BEGIN Extracted data
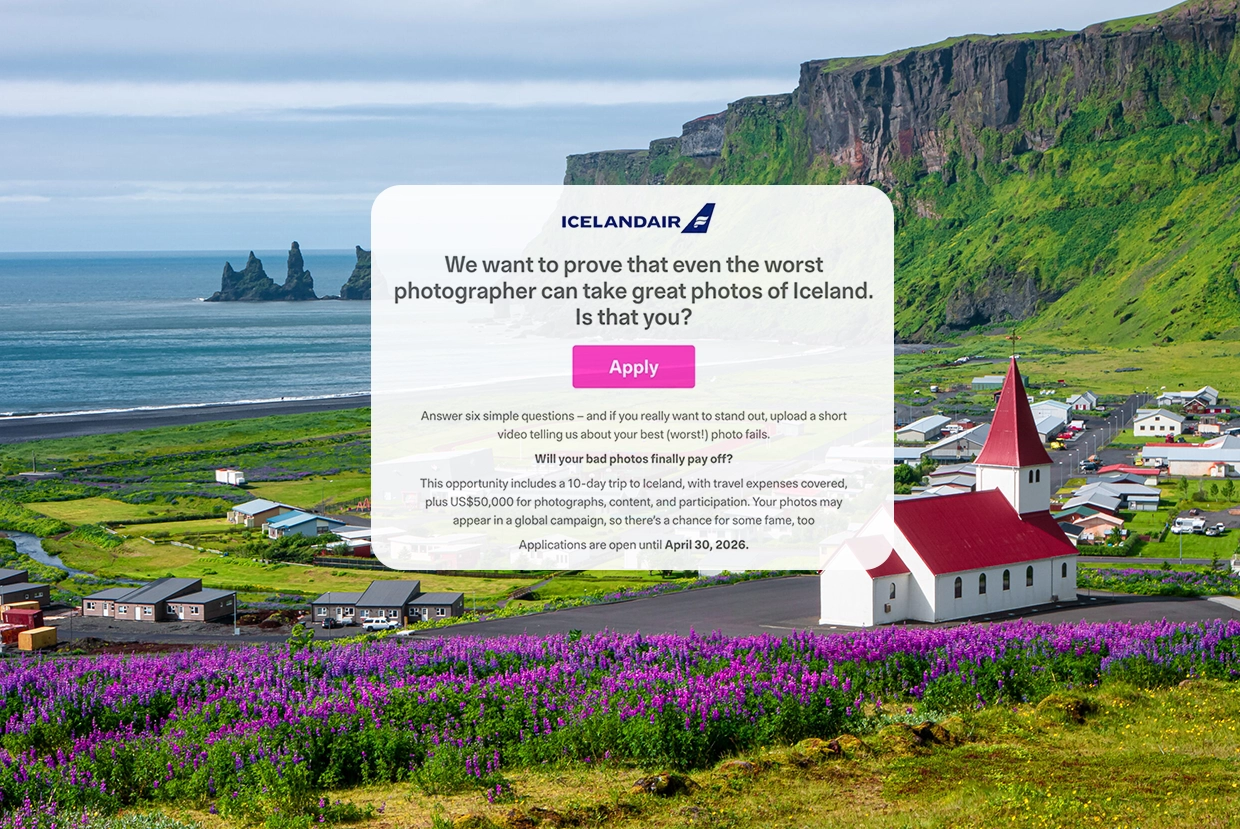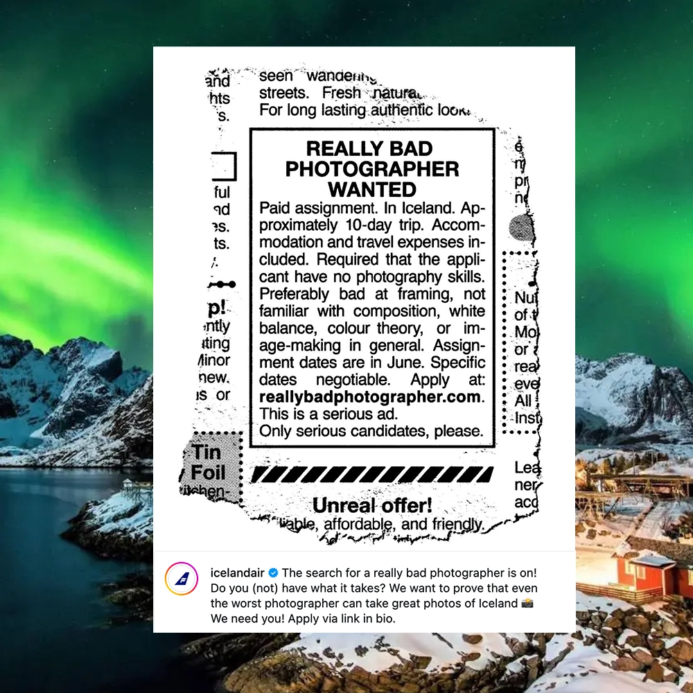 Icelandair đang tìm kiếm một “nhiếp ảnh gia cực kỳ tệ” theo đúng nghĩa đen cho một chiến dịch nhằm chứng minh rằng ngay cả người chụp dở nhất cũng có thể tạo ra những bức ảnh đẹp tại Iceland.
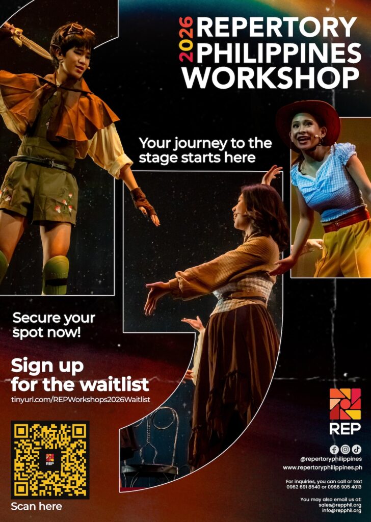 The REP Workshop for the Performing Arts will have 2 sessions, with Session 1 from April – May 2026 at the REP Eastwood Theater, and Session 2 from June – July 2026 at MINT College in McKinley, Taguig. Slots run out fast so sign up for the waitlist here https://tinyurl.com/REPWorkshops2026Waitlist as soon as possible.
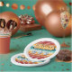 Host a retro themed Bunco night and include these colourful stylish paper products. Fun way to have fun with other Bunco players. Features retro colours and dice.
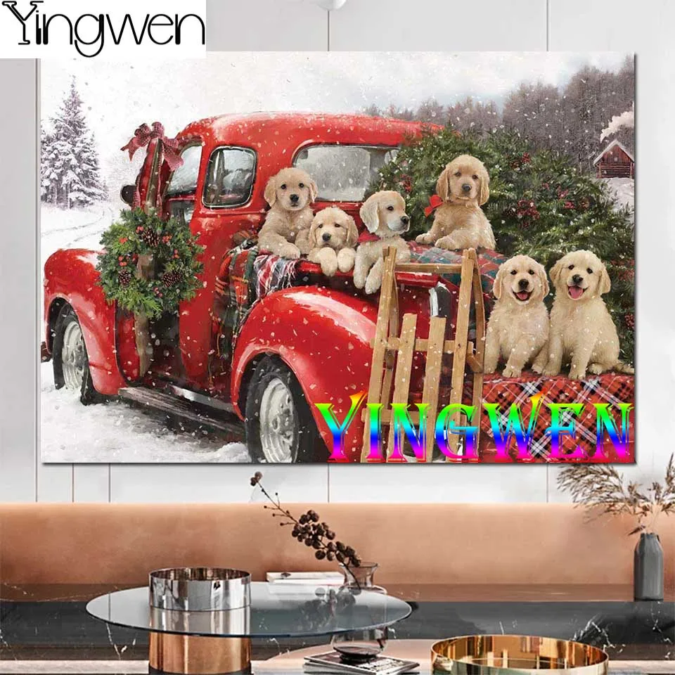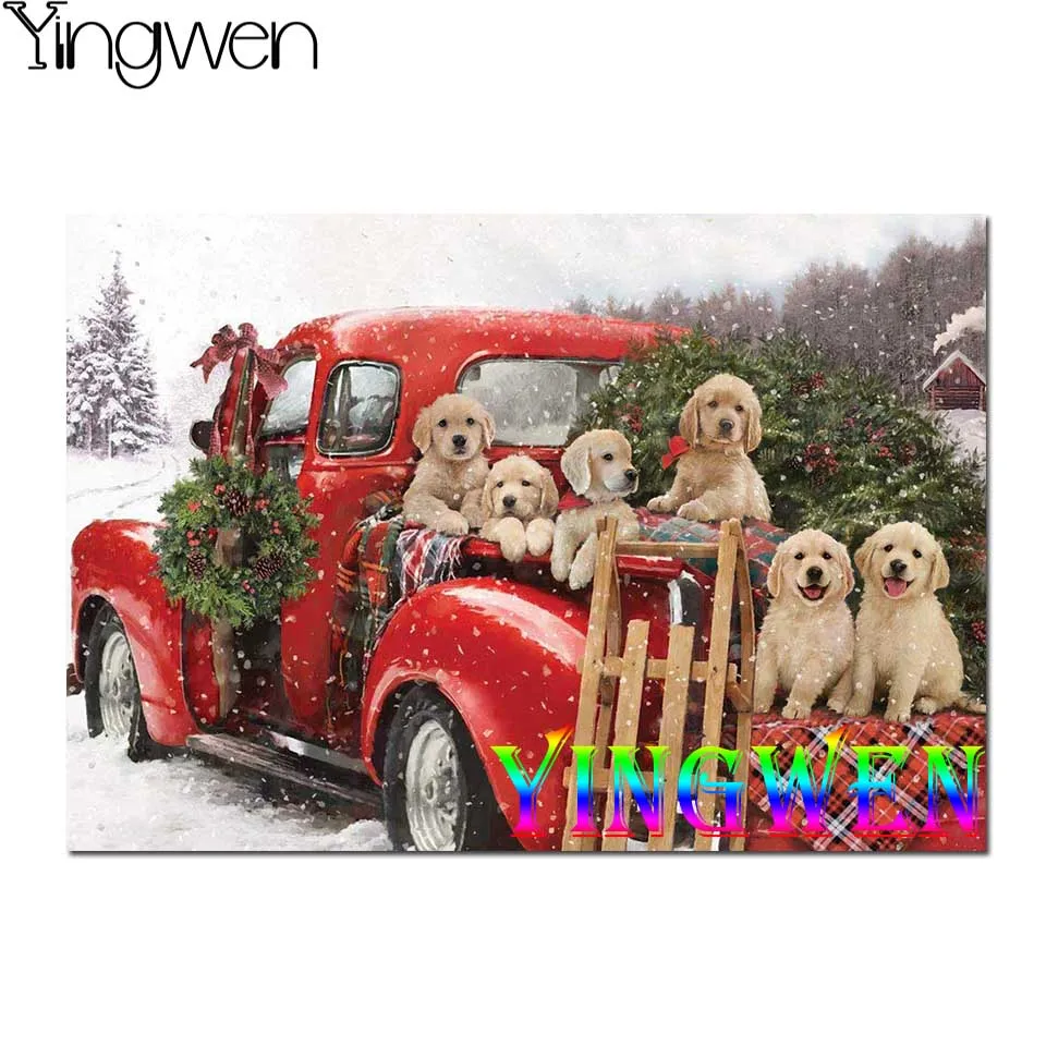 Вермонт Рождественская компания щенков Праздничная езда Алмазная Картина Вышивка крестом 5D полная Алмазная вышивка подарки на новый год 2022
END Extracted data
BEGIN Extracted data
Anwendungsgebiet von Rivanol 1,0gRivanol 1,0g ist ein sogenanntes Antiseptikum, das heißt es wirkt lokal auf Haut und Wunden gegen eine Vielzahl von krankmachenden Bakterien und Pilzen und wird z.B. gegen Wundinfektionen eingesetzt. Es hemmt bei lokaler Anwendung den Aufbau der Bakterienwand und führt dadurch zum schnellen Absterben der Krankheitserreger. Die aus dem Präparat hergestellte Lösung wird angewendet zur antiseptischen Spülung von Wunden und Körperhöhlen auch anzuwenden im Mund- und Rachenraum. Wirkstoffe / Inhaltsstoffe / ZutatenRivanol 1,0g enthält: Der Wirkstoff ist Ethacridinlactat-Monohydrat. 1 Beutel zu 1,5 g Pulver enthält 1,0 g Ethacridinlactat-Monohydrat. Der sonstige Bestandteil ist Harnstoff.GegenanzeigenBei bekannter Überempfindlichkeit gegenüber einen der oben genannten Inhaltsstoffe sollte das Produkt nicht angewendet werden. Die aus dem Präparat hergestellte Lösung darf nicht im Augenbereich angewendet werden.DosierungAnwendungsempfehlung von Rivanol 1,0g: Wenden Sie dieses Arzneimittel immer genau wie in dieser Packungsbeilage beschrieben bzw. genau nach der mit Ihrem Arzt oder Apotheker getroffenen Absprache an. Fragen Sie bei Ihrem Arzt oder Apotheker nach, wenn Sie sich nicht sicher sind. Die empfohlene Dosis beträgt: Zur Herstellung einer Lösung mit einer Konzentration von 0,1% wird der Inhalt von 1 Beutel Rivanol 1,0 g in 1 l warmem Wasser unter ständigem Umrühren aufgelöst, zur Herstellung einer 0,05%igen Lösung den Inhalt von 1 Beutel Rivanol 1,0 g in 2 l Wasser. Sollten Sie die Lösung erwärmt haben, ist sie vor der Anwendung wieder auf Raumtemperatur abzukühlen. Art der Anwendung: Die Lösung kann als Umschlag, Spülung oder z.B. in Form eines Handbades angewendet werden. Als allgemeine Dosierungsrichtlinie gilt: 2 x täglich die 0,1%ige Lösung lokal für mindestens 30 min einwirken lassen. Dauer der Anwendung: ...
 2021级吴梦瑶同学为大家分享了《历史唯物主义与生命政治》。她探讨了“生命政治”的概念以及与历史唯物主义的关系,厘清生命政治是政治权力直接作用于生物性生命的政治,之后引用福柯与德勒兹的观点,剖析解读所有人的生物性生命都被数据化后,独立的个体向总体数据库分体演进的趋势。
END Extracted data
BEGIN Extracted data
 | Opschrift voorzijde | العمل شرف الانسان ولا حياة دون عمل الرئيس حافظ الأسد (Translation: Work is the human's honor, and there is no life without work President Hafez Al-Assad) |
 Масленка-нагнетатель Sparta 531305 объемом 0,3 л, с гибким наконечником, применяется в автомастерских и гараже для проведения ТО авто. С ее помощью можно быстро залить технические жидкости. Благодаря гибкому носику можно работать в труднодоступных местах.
END Extracted data
§ **What is needed**: When you reach the line with "The REP Workshop" in the records above, begin repeating the lines exactly, and stop after the line with "Вермонт Рождественская компания". Skip all pictures.

§ **Answer for the task**:
 The REP Workshop for the Performing Arts will have 2 sessions, with Session 1 from April – May 2026 at the REP Eastwood Theater, and Session 2 from June – July 2026 at MINT College in McKinley, Taguig. Slots run out fast so sign up for the waitlist here https://tinyurl.com/REPWorkshops2026Waitlist as soon as possible.
 Host a retro themed Bunco night and include these colourful stylish paper products. Fun way to have fun with other Bunco players. Features retro colours and dice.
 Вермонт Рождественская компания щенков Праздничная езда Алмазная Картина Вышивка крестом 5D полная Алмазная вышивка подарки на новый год 2022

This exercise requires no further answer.